### EXERCISE DESCRIPTION
Your answer must hold only the lines below from the line containing "The Salvador Kitti" through the line containing "Conjunto baby charmoso", each reproduced exactly.

### EXERCISE INPUT
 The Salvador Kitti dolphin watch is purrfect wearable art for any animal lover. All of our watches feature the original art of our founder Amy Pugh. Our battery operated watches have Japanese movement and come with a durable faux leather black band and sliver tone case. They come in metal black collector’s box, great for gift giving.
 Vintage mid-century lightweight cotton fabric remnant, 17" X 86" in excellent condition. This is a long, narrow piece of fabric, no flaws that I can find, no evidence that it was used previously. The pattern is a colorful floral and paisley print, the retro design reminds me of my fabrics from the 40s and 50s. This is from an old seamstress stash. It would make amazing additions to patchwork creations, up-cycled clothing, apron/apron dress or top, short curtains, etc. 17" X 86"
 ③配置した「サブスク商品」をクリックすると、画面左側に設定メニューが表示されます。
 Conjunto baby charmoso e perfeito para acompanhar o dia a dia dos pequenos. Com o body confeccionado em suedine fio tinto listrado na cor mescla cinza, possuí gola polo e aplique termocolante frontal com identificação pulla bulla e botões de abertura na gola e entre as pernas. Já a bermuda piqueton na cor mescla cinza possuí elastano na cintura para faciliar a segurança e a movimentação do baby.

* * *

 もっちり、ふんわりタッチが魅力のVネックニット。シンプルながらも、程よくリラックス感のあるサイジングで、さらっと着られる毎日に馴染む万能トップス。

--

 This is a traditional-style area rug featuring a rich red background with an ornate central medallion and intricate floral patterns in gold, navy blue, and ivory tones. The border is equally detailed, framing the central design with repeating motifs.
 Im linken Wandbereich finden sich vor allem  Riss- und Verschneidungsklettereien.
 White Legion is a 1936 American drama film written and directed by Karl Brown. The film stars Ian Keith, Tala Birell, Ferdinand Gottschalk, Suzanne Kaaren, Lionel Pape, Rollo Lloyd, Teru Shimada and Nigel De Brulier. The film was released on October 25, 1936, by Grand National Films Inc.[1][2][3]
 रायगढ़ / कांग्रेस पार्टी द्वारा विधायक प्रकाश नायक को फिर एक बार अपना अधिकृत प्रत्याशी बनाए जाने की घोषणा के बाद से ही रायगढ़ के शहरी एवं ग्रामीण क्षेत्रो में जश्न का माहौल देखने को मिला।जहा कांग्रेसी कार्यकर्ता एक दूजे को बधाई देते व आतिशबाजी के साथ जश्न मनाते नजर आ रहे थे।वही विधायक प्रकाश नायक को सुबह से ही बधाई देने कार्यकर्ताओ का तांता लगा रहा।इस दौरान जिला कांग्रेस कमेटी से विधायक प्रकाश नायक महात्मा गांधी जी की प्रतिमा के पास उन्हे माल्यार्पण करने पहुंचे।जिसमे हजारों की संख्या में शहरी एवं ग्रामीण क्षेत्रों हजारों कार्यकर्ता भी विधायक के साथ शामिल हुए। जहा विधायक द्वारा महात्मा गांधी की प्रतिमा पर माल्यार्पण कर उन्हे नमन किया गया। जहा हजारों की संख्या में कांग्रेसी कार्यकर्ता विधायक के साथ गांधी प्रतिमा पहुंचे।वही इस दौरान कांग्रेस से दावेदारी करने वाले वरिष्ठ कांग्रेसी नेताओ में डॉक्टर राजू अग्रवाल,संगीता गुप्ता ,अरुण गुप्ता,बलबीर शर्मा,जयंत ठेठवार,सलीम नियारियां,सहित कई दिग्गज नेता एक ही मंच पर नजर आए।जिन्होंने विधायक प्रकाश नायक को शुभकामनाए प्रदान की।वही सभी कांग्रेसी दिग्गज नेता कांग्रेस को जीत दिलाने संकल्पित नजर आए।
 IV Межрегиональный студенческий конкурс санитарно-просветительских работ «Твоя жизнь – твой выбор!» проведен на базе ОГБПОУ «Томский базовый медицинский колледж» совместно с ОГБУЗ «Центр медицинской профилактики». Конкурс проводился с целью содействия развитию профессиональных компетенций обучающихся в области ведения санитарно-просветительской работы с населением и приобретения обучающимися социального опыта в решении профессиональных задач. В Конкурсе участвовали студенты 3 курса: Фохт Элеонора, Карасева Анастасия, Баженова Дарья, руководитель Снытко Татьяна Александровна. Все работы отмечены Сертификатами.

### EXERCISE ANSWER
 The Salvador Kitti dolphin watch is purrfect wearable art for any animal lover. All of our watches feature the original art of our founder Amy Pugh. Our battery operated watches have Japanese movement and come with a durable faux leather black band and sliver tone case. They come in metal black collector’s box, great for gift giving.
 Vintage mid-century lightweight cotton fabric remnant, 17" X 86" in excellent condition. This is a long, narrow piece of fabric, no flaws that I can find, no evidence that it was used previously. The pattern is a colorful floral and paisley print, the retro design reminds me of my fabrics from the 40s and 50s. This is from an old seamstress stash. It would make amazing additions to patchwork creations, up-cycled clothing, apron/apron dress or top, short curtains, etc. 17" X 86"
 ③配置した「サブスク商品」をクリックすると、画面左側に設定メニューが表示されます。
 Conjunto baby charmoso e perfeito para acompanhar o dia a dia dos pequenos. Com o body confeccionado em suedine fio tinto listrado na cor mescla cinza, possuí gola polo e aplique termocolante frontal com identificação pulla bulla e botões de abertura na gola e entre as pernas. Já a bermuda piqueton na cor mescla cinza possuí elastano na cintura para faciliar a segurança e a movimentação do baby.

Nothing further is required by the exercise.